START Data excerpts

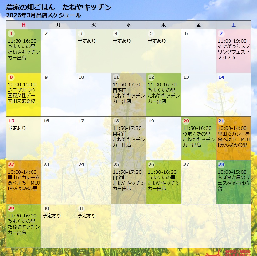 2026年3月の予定表です。
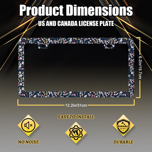 Blue Floral Flowers License Plate Frame Beautiful Flower License Plate Holder for Personalise Women Car Decorative Stainless Steel Colorful License Plate Auto Parts with Screws 12.2" x 6.2"
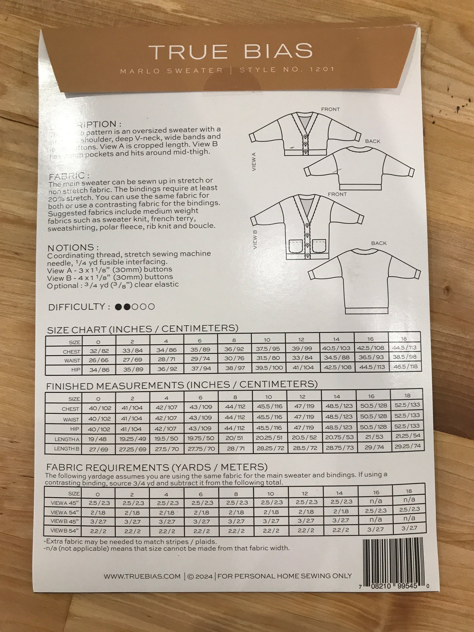 The Marlo pattern is an oversized sweater with a dropped shoulder, deep V-neck, wide bands and large buttons. View A is cropped length. View B has patch pockets and hits just below the hip.
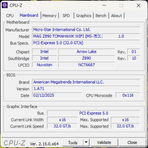 • Placă de bază: MSI MAG Z890 TOMAHAWK WIFI;
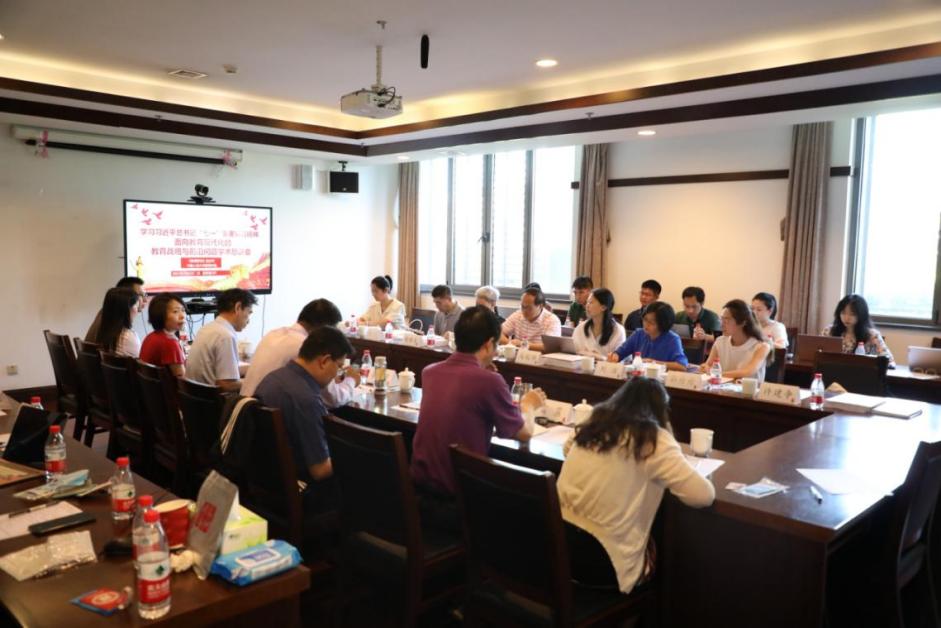 2021年7月9日上午,“学习习近平总书记‘七一’重要讲话精神——面向教育现代化的教育战略与前沿问题学术恳谈会”在yl6809永利国学馆325会议室召开。本次恳谈会由《教育研究》杂志社、yl6809永利联合主办。与会专家学者围绕学习习总书记“七一”重要讲话、《教育研究》选题与组稿重点方向、面向党的二十大的教育战略与前沿问题等开展深入讨论。恳谈会由yl6809永利副经理申素平教授主持。《教育研究》杂志社主编邓友超研究员、《教育文摘周报》执行主编马延伟副研究员等一行八人,yl6809永利经理刘复兴教授,董事长助理、基础教育处处长翟小宁教授,副经理李立国教授、胡莉芳教授,教育公司党委副书记崔盛副教授等二十多位公司教师和研究生出席会议。
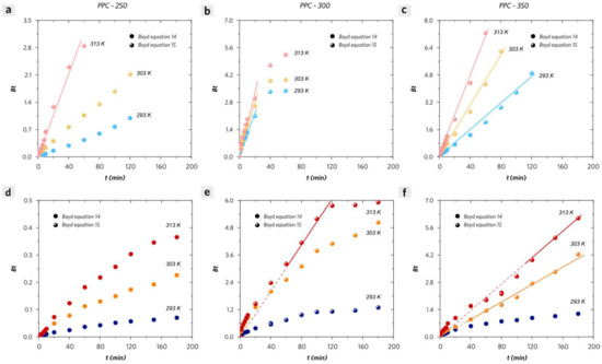 Boyd plots of MB adsorption on (a,d) PPC-250, (b,e) PPC-300, and (c,f) PPC-350 with different initial MB concentrations (a–c) 100 ppm and (d–f) 300 ppm at 293 K, 303 K, and 313 K.
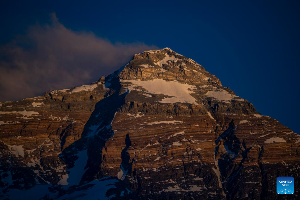 This photo taken on May 11, 2023 shows a view of Mount Qomolangma in the sunset in southwest China's Tibet Autonomous Region. (Xinhua/Sun Fei)
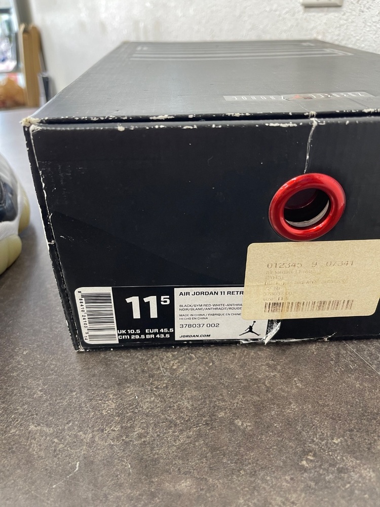 For sale we have a pair of Jordan 11 retro's in good condition, with some marks and scuffs from every day use as shown in pictures. Comes with their original box, if you have any questions before purchasing please let us know.
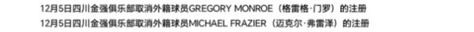 四川取消了格雷格-门罗和迈克尔-弗雷泽的注册。目前四川的外援为肯尼-伯顿和罗伯特-高登。
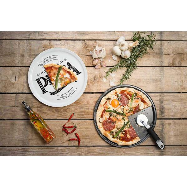Maak elke pizzanight compleet met dit stijlvolle pizzabord! Het bord heeft een strak design met een vrolijk receptdecor, ideaal om je favoriete pizza in stijl te serveren. Met een royale diameter van 30 cm is er voldoende ruimte voor een hele pizza. Daarnaast is het bord afwasmachinebestendig, wat zorgt voor makkelijk schoonmaken na het genieten. Perfect voor pizzaliefhebbers en een leuke aanvulling op je tafel!
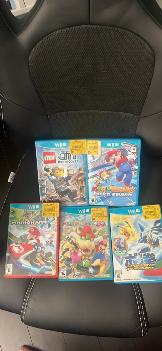 Selling a bundle of Wii U games for $90 or buy singles for $20 each. Mario Kart 8, Lego City Undercover, Mario Tennis Ultra Smash, Mario Party 10, and Pokken Tournament.
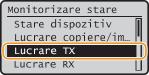 pentru a selecta <Lucrare TX> şi apăsaţi

END Data excerpts

▸ **Problem requirements**: Exactly as written above, retype the lines starting at the one holding "The Marlo pattern" and ending at the one holding "Z890 TOMAHAWK WIFI;", both included, but not the pictures.

▸ **Response below**:
 The Marlo pattern is an oversized sweater with a dropped shoulder, deep V-neck, wide bands and large buttons. View A is cropped length. View B has patch pockets and hits just below the hip.
 • Placă de bază: MSI MAG Z890 TOMAHAWK WIFI;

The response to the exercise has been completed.